A Site Reliability Engineer (SRE) / DevOps and Infrastructure Engineer focuses on maintaining and improving the reliability, scalability, and efficiency of software services and infrastructure. This role ensures that development and operational standards are met across both cloud-based and on-premises infrastructure environments, including vSphere and other platforms like Nutanix.
Responsibilities:
- Infrastructure Management: Manage and scale infrastructure on both cloud platforms (such as Azure and AWS) and on-premises environments (like vSphere and Nutanix). This includes provisioning, configuration, and optimizing resources to meet service demands.
- Kubernetes Installation & Management: Install and manage Kubernetes clusters in on-prem environments, ensuring seamless integration with underlying platforms like vSphere. Handle networking, permissions, and infrastructure management from both vSphere and Kubernetes perspectives.
- Tool Proficiency: Leverage a variety of DevOps and SRE tools such as Kubernetes (K8s) for container orchestration, Service Mesh for microservices networking, and Vault for secrets management. Integrate security best practices into the infrastructure.
- CI/CD Pipeline Management: Design, implement, and manage CI/CD pipelines using tools like Jenkins, ensuring automated, smooth deployment processes that support frequent updates and minimize downtime.
- Production Release Management: Coordinate production software releases, including managing staging environments, release testing, and deployment to live environments.
- Monitoring and Incident Response: Implement monitoring tools to observe the health of applications and infrastructure. Respond quickly to production issues, ensuring minimal impact on availability and performance.

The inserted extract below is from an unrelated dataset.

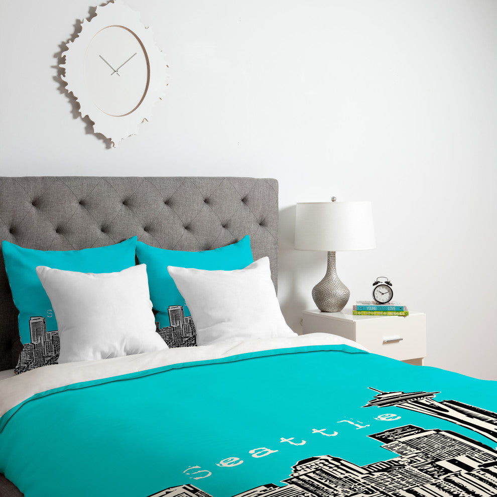 Deny Designs Bird Ave Seattle Teal Duvet Cover - Lightweight

- Collaboration and Communication: Work closely with software developers, QA teams, and IT staff to ensure system reliability and performance. Foster communication across departments to address system-wide issues and improvements.
Key Tools and Technologies:
- Kubernetes (K8s): Managing containerized applications across clusters for operational efficiency and resource optimization.
- Service Mesh: Improving microservices communication by adding observability, security, and reliability without changing the microservices code.
- Vault by HashiCorp: Securing secrets and sensitive data with access control and auditing capabilities.
- SecOps Practices: Ensuring security is integrated into the infrastructure, safeguarding against potential threats.
- vSphere/Nutanix: Managing on-premises infrastructure, especially for Kubernetes deployment, networking, and permissions.
- CI/CD Tools: Tools like Jenkins for automating development, testing, and deployment processes.
- Shell & Node.js: Strong experience in shell scripting and Node.js for automation and development tasks.
- Enterprise-Grade Software: Extensive experience working with microservices-based, enterprise-grade software solutions that are robust, scalable, and deployed in production environments.
- Databases: Knowledge of installing, managing, and tuning databases like MongoDB and PostgreSQL.
Requirements
Requirements
BSc in Computer Science, Engineering, or a relevant field.
Proven experience as a DevOps or Site Reliability Engineer.
Expertise in managing both cloud and on-premises infrastructure.
Strong experience with Kubernetes (both cloud and on-prem), networking, and microservices.
Solid knowledge of Shell scripting and Node.js.
Experience with enterprise-grade software in production environments.
Experience with databases such as MongoDB and PostgreSQL, including installation and tuning.
Problem-solving attitude and strong team collaboration skills.